You’ve grown so pretty.

Look at your thick head of black hair. Each of your braids is a fistful of hair. It’s the same as when your mom was little. I was never able to braid your mom’s hair. Your mom wanted long hair, but I always cut it in a bob. I didn’t have time to seat her on my lap and brush her hair. Your mom must be playing out her childhood wishes for long braided hair through you. She’s looking at me, but her hand is playing with your hair. Your mom’s eyes are clouding over. Oh dear, she’s thinking about me again.

Listen, dear. Can you hear me in all this noise?
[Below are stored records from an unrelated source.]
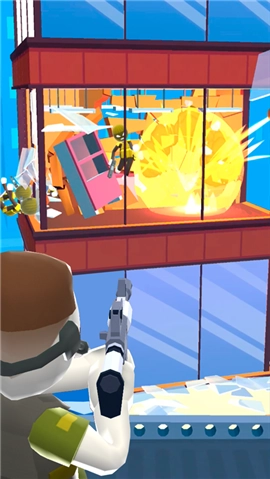 2、进入游戏后,玩家是在一家直升飞机上面,需要消灭楼里面的犯罪份子,点击射击犯罪份子。
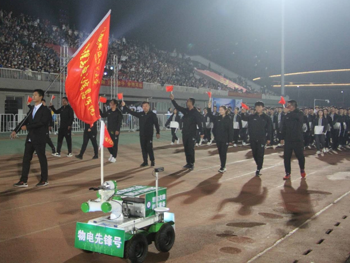 国士无双,科技兴邦10月27日晚,校运会开幕式上公司方阵队迈着整齐坚定的步伐,喊着铿锵有力的口号,在公司特色科技创新作品“物电先锋号”机器小车的引领走过主席台,向全校师生展示了物电人的风采。公司方阵元素:国士无双,科技兴邦!在特殊年份用这种特别的方式向抗疫英雄致敬。排舞队整齐划一的舞步跳出了物电学子的青春活力,一曲《我们都是追梦人》点燃了全场的热情,将开幕式气氛推向高潮。
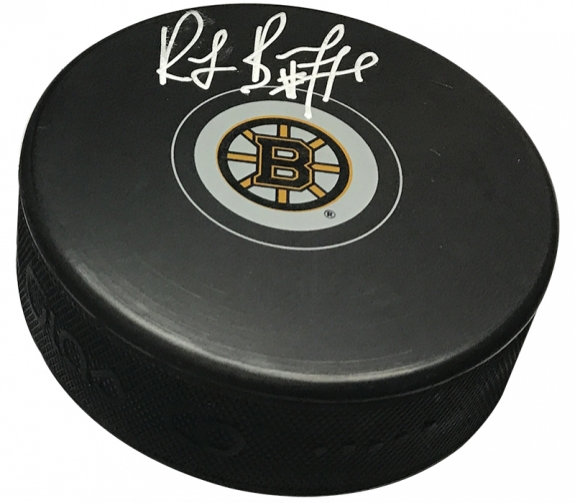 Boston Bruins spoke B puck autographed by Ray Bourque.
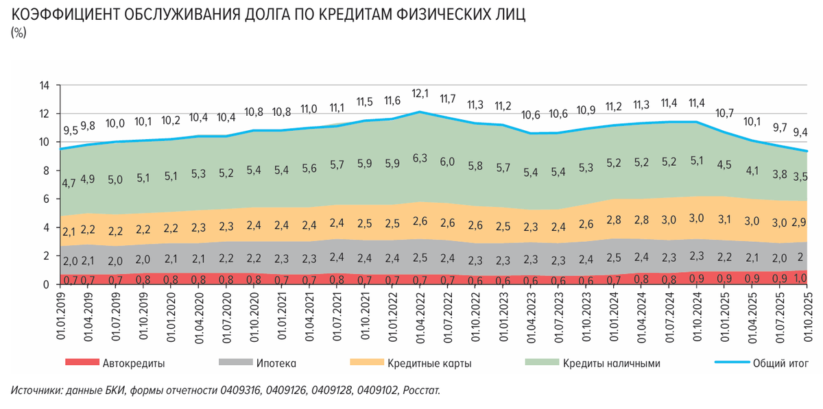 Хотелось бы , что по состоянию на 01.10.2025 коэффициент обслуживания долга, т.е.доля доходов, направляемых населением на обслуживание кредитов, снизился до 9,4%. Это минимальное значение с конца 2018 года.
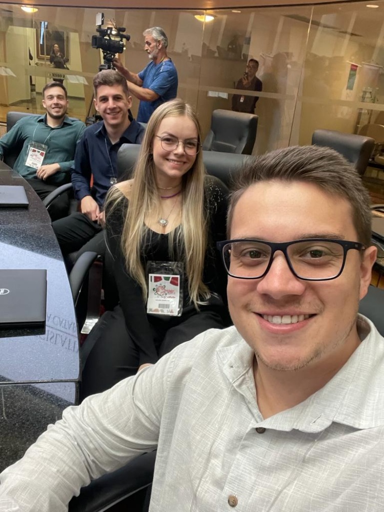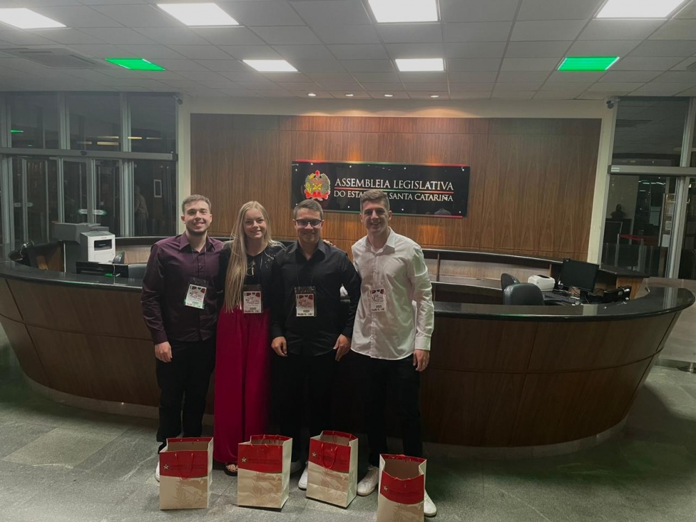 Quatro estudantes do Curso de Direito, da Unoesc São Miguel, participaram de 15 a 18 de maio, do Estágio-Visita na Assembleia Legislativa do Estado de Santa Catarina (Alesc), em Florianópolis. Afonso Henrique Henke, Gabriel Martini, Milena Isabel Bellini e Rafael Fachin Martins Pinto tiveram a oportunidade de vivenciar as atividades do Legislativo, como acompanhamento de discussões das comissões e sessões Legislativas.
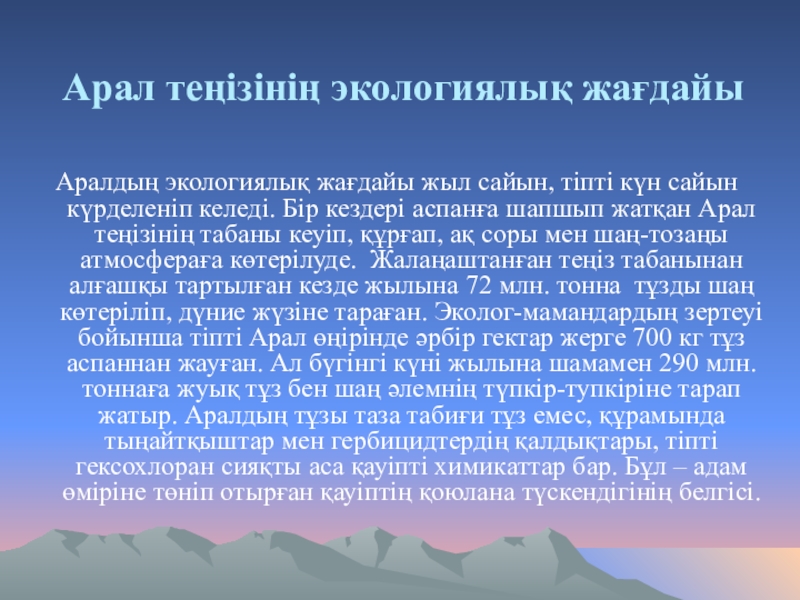 Арал теңізінің экологиялық жағдайыАралдың экологиялық жағдайы жыл сайын, тіпті күн сайын күрделеніп келеді. Бір кездері аспанға шапшып
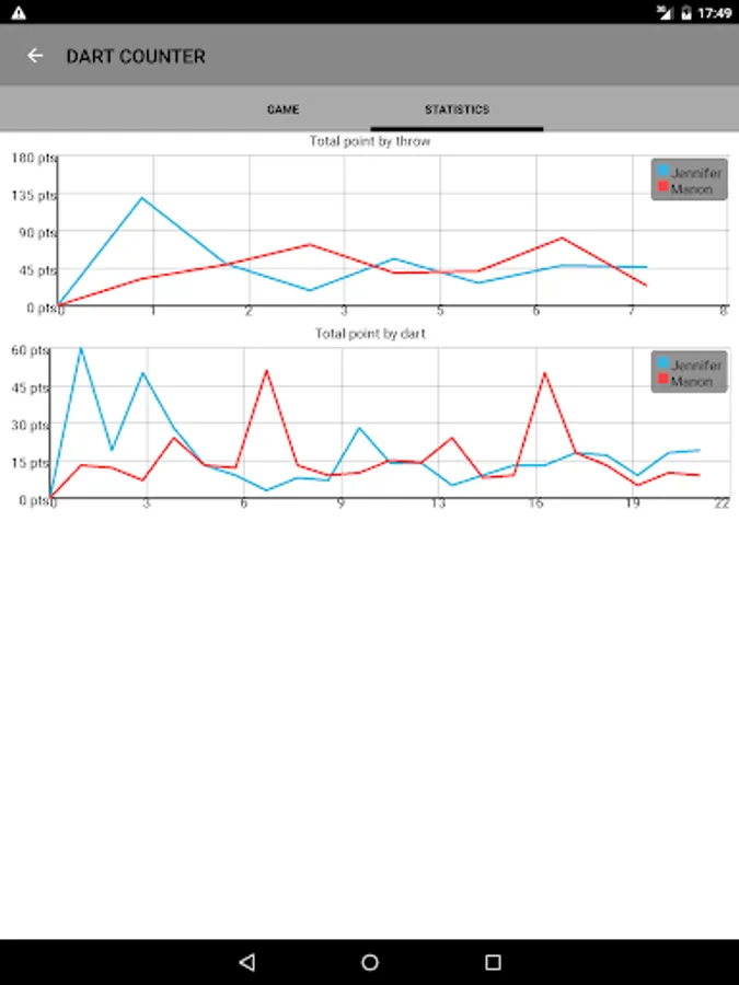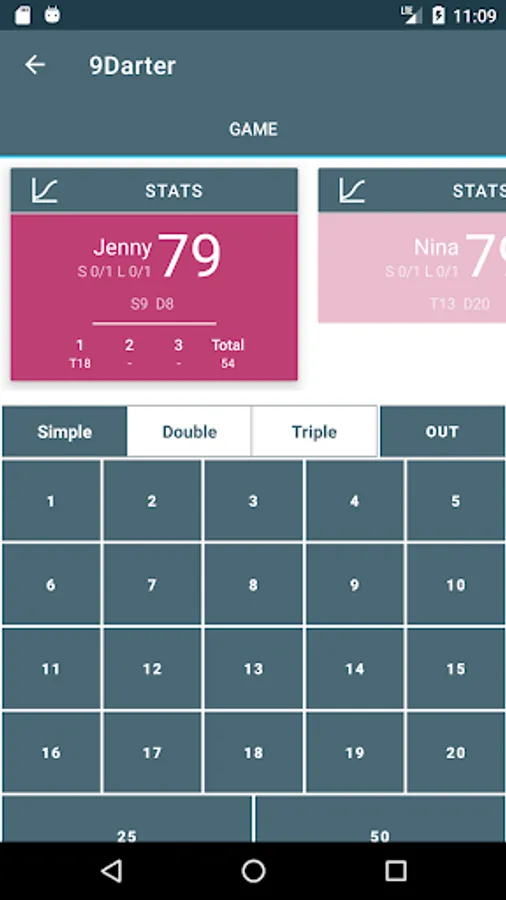 With 9Darter, you can save and view detailed statistics for each player throughout the game. Track the average score of thrown darts, the number of Cricket or X01 wins, and much more. Analyze your performance to continuously improve and measure your progress in the game.
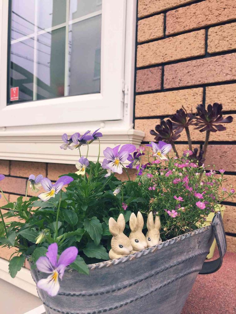 又々素敵な寄せ植えー!ビオラもおしゃれですねー💜💜このビオラ、なんか変わった形だねー!細長い感じ?ラビットちゃんが沢山いる見たいですー💗💗
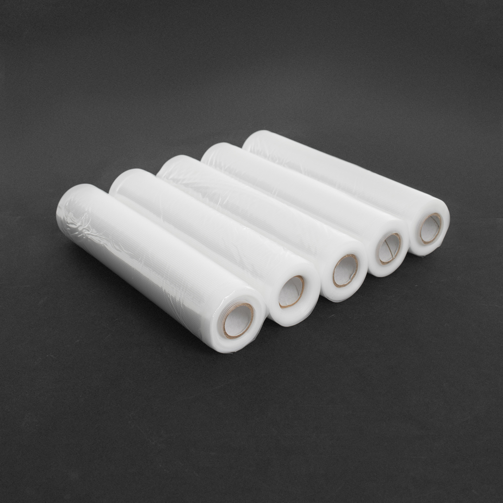 Приобретается пятью рулонами. Отрезав часть, вы получите рукав, в котором рифлёная и гладкая плёнки соединяются друг с другом с двух боков. Каждый рукав изготавливается минимум из пяти слоёв. Два слоя вакуумной плёнки созданы для предотвращения попадания воздуха, один слой является адгезионным, а два считаются защитными.
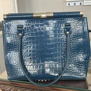 Kate Spade Navy Croc-Embossed Shoulder Bag and Dust BagNavy Blue Preowned
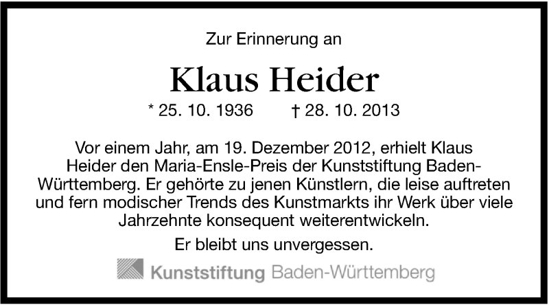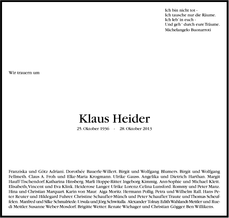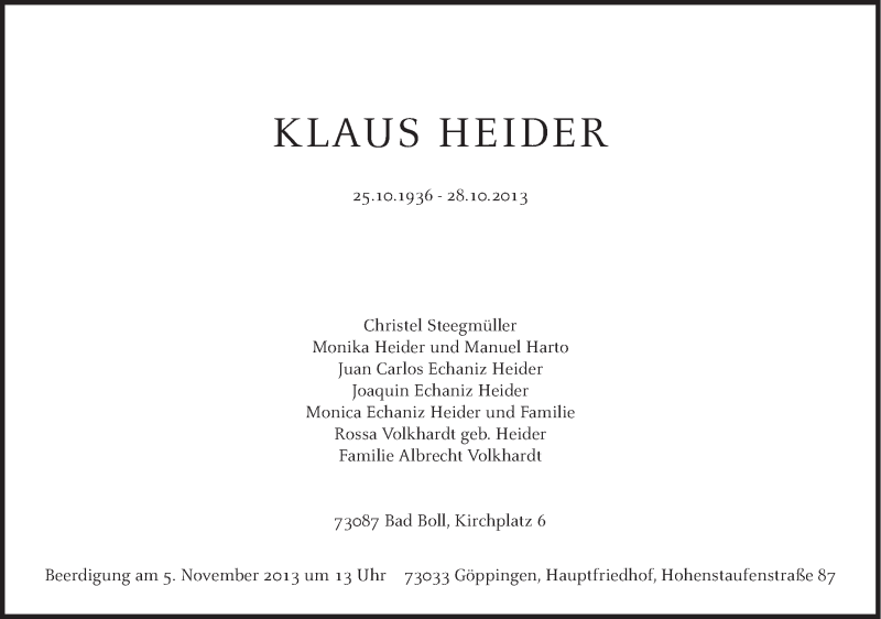 Hier finden Sie alle Traueranzeigen aus der Zeitung, die bisher für Klaus Heider erschienen sind. Weitere Traueranzeigen, die in der Zeitung erscheinen, werden hier ebenfalls aufgelistet
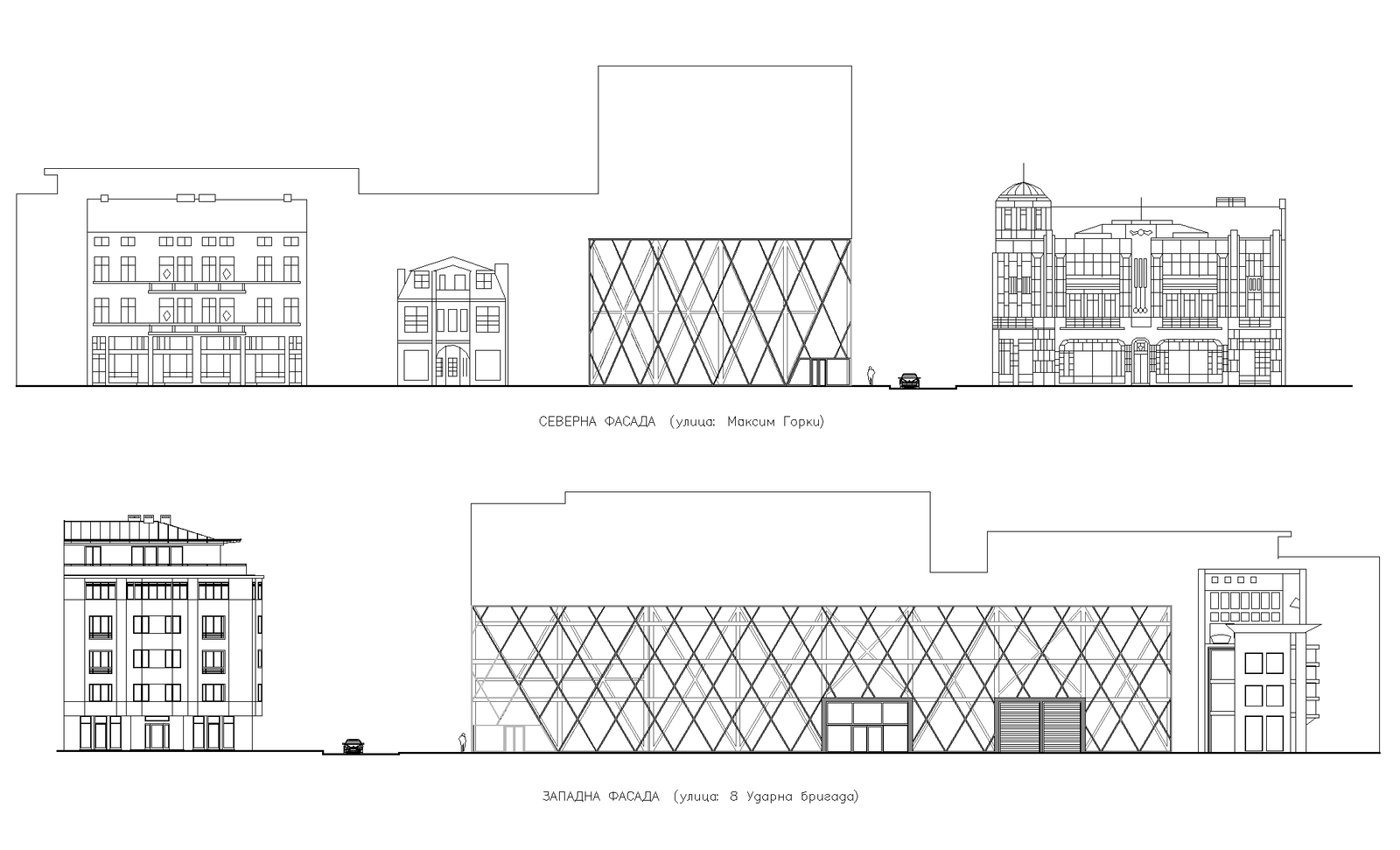 Elevation of a commercial plan. The front and back elevations with dimension detailing.
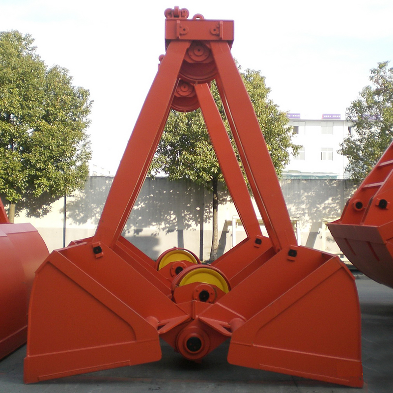 Double Rope Clamshell Grab is equipped for crane, which has two ropes connecting to the grab. The kind of grab is simple structure, convenient operation, which is a kind of efficient tool for loading and unloading granular, small-block bulk cargo, such as coal, sand, mineral powder and bulk chemical fertilizer, and which is suitable to the working site such as port, mine and yard. The lifting capacity of crane is normally below 16t.
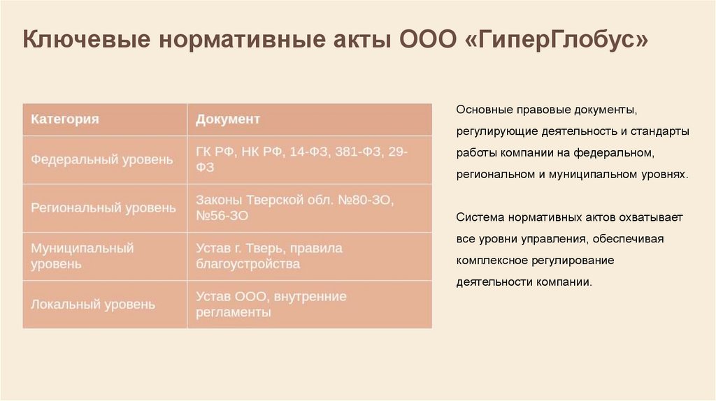 Ключевые нормативные акты ООО «ГиперГлобус»Основные правовые документы,
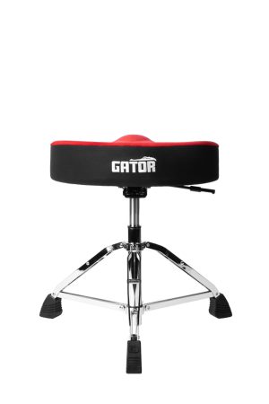 The Gator Percussion Series GP-DTH-ASD-RD Air Glide Saddle Seat Drum Throne in Black is built for drummers seeking premium comfort, durability, and effortless adjustability. The pneumatic Air Glide system offers smooth height adjustment from 18” – 24”, allowing players to find their perfect position with ease. Its large, contoured 3.5″ thick saddle-style seat (17.25” wide x 16” deep) features ergonomic thigh relief cutouts for superior comfort during long rehearsals or gigs. The velour top enhances breathability, minimizing sweat buildup while providing a stable, non-slip surface.
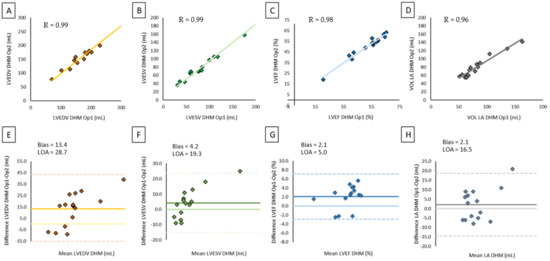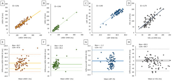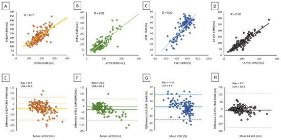 Correlation and agreement between CMR and DHM on left chamber volumes and LV function: (A) scatter plot of LVEDV by CMR versus DHM, (B) scatter plot of LVESV by CMR versus DHM, (C) scatter plot of LVEF by CMR versus DHM, (D) scatter plot of LA volume by CMR versus DHM, (E) Bland–Altman plot of LVEDV by CMR versus DHM, (F) Bland–Altman plot of LVESV by CMR versus DHM, (G) Bland–Altman plot of LVEF by CMR versus DHM, (H) Bland–Altman plot of LA volume by CMR versus DHM.
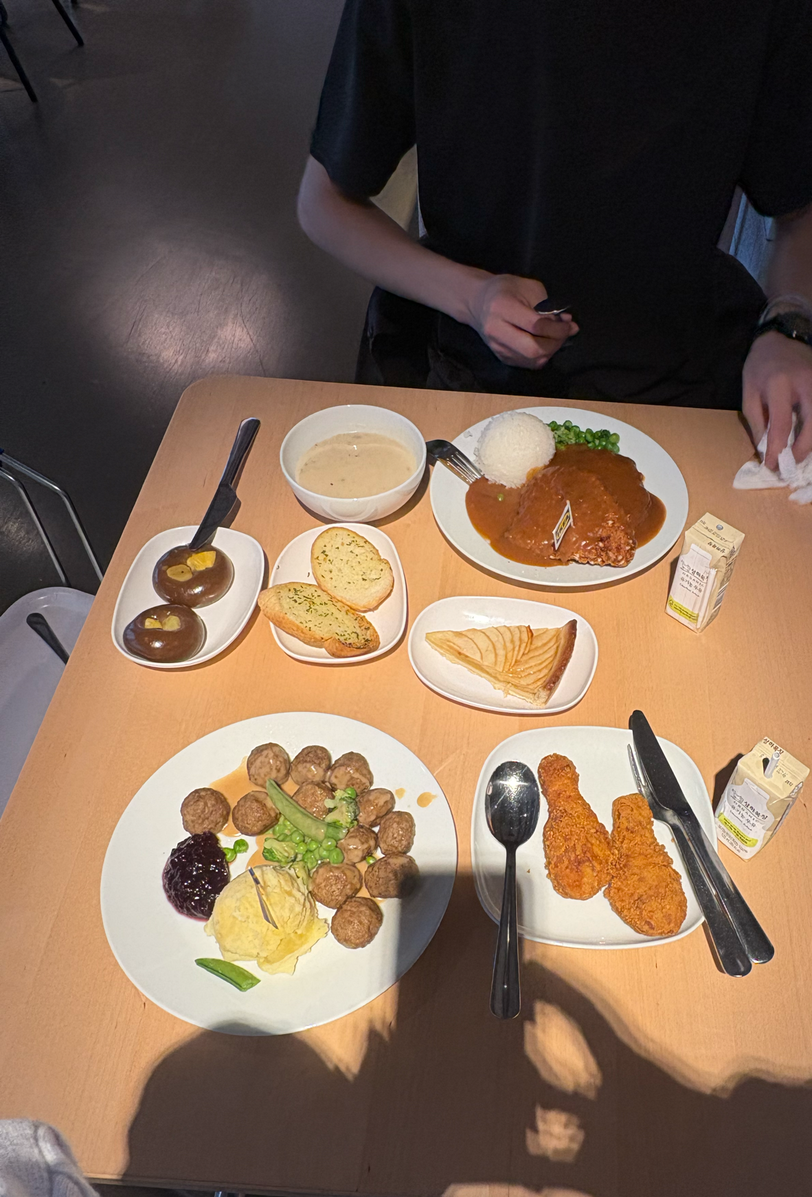 유명한 이케아 미트볼과 라즈베리잼, 그린빈, 으깬 감자가 맛있었습니다! 돈까스는 평범했습니다. 버섯 스프는 생각보다 짜지 않고 버섯맛이 꽤 강했습니다.

I came to apologize to you.

Please forgive me for the face I made when you came back to Seoul with the third baby in your arms. The day you looked at me with shock on your face, blurting out “Mom!” has been weighing on my heart. Why was it? Was it because you didn’t plan to have a third baby? Or was it because you were embarrassed to tell me that you had a third baby, when your older sister wasn’t even married yet? For whatever reason, you hid the fact that you’d had a third baby in that faraway land, instead suffering through morning sickness all by yourself, and only when you were about to give birth did you tell us that you were having a baby. I didn’t do anything to help when you had the baby, but when you came back, I said to you, “What were you thinking? What were you thinking, three babies?”